When you think of Scotland, what usually comes to mind? I know, I know: kilts and bagpipes. I used to be on the same page. Thankfully, the recently released Outlander TV show, has begun to shine some new light on our highland cousins. When I first heard of Outlander, it was for its amazing openness to the independence of a woman in a world of men, and how the show was promised not to shy away from a woman enjoying sex--without repercussions. But mostly I thought: "Scottish history and time travel? What more could I ask for!"

Outlander follows the story of Claire Beauchamp - a woman who was a nurse during the Second World War - as she travels through Scotland with her husband Frank Randall.
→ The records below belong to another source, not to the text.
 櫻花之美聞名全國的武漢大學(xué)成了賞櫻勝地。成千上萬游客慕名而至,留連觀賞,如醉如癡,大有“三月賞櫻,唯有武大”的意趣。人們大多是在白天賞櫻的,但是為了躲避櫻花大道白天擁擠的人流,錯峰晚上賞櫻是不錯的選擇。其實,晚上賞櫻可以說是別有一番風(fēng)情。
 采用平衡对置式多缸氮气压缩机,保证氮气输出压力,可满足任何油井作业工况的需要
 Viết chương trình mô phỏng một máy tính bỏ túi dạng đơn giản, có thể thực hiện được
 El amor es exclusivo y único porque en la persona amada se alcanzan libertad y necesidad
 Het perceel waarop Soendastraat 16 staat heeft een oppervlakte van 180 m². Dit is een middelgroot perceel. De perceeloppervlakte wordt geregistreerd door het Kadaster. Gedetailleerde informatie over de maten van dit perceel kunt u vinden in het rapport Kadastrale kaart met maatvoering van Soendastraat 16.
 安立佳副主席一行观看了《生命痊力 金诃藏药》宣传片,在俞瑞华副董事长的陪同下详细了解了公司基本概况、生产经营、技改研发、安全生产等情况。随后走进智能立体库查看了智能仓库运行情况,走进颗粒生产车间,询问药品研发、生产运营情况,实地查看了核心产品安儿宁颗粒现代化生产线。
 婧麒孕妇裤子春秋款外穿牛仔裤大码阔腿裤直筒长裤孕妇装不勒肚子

During their visit to a Scottish town, Claire is transported back in time to 1743 Scotland opening up a world of possibilities. The show is based on the book series by Diana Gabaldon, originally published in 1991; because of this, it already had a huge fan following. I recently finished the book myself, and the show really does well to mould itself to the original. In particular, Claire is a refreshingly independent, realistic, and strong female character, helping to make Outlander so appealing. Whether it's nearly getting raped, or almost killed for being a spy, Claire is a fighter. Or, as they would call her in the show, a Sassenach (an English person, an outsider, someone who doesn't belong).
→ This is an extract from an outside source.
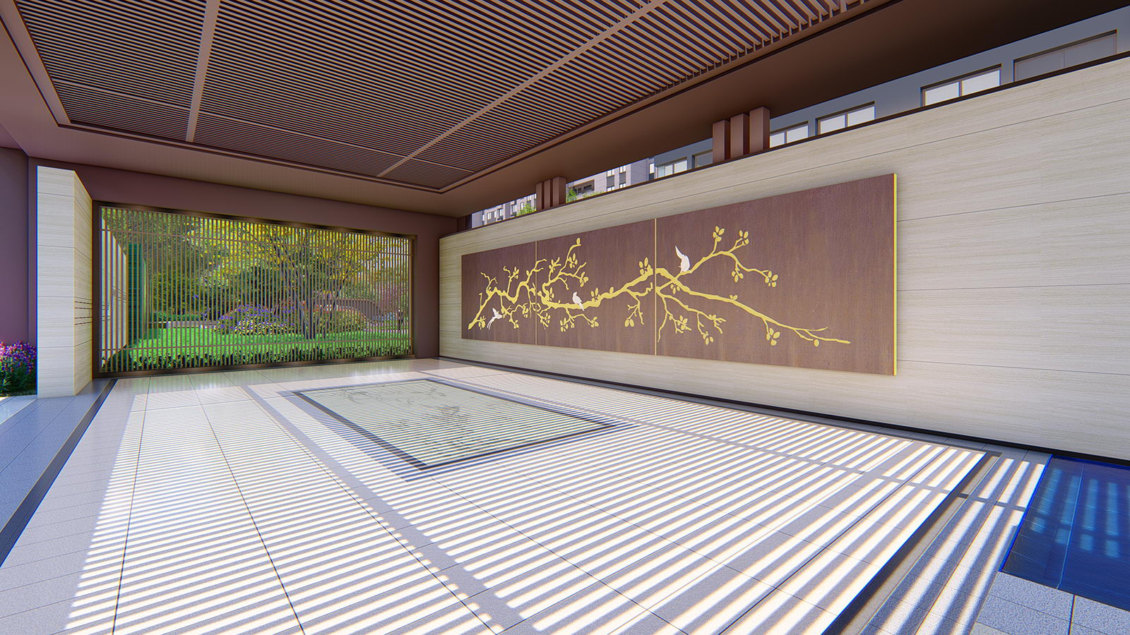 門頭對景處設置“喜上眉(梅)梢”景墻,客戶視線跟隨梅花枝條方向延伸,巧妙構建空間遞進關系,為項目增添趣味及內(nèi)涵。
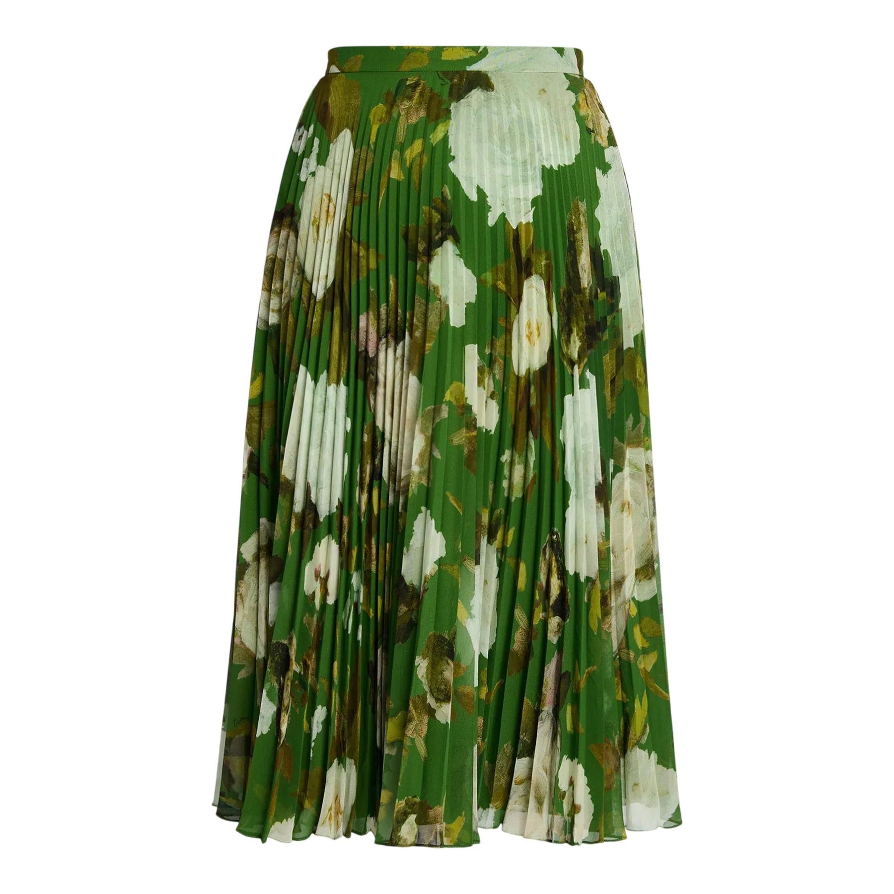 Pleated for added movement and texture.This pleated mid-length skirt is cut from lightweight voile and decorated with a green floral print.

I thought it was a weird coincidence that, at the same time that the Scottish independence vote was happening, Outlander had reached a climax of the Scottish versus the British. While most Scots have voted "no thanks" to independence now, it really makes me wonder how Scotland and England came to stand at such different sides.

Despite the educational aspect of this story, Outlander definitely has sex appeal. Shocking, I know. Other than Claire's first husband Frank, there comes Claire’s love with Jaime Fraser (a Scottish Highlander). Ladies, this one hunk is really enough to get you watching. But to all the guys, I promise there is something for everyone. With the mid-season finale having just finished at eight episodes, now is the time to catch up. Now if you'll excuse me, I'm off to learn some Scottish Gaelic.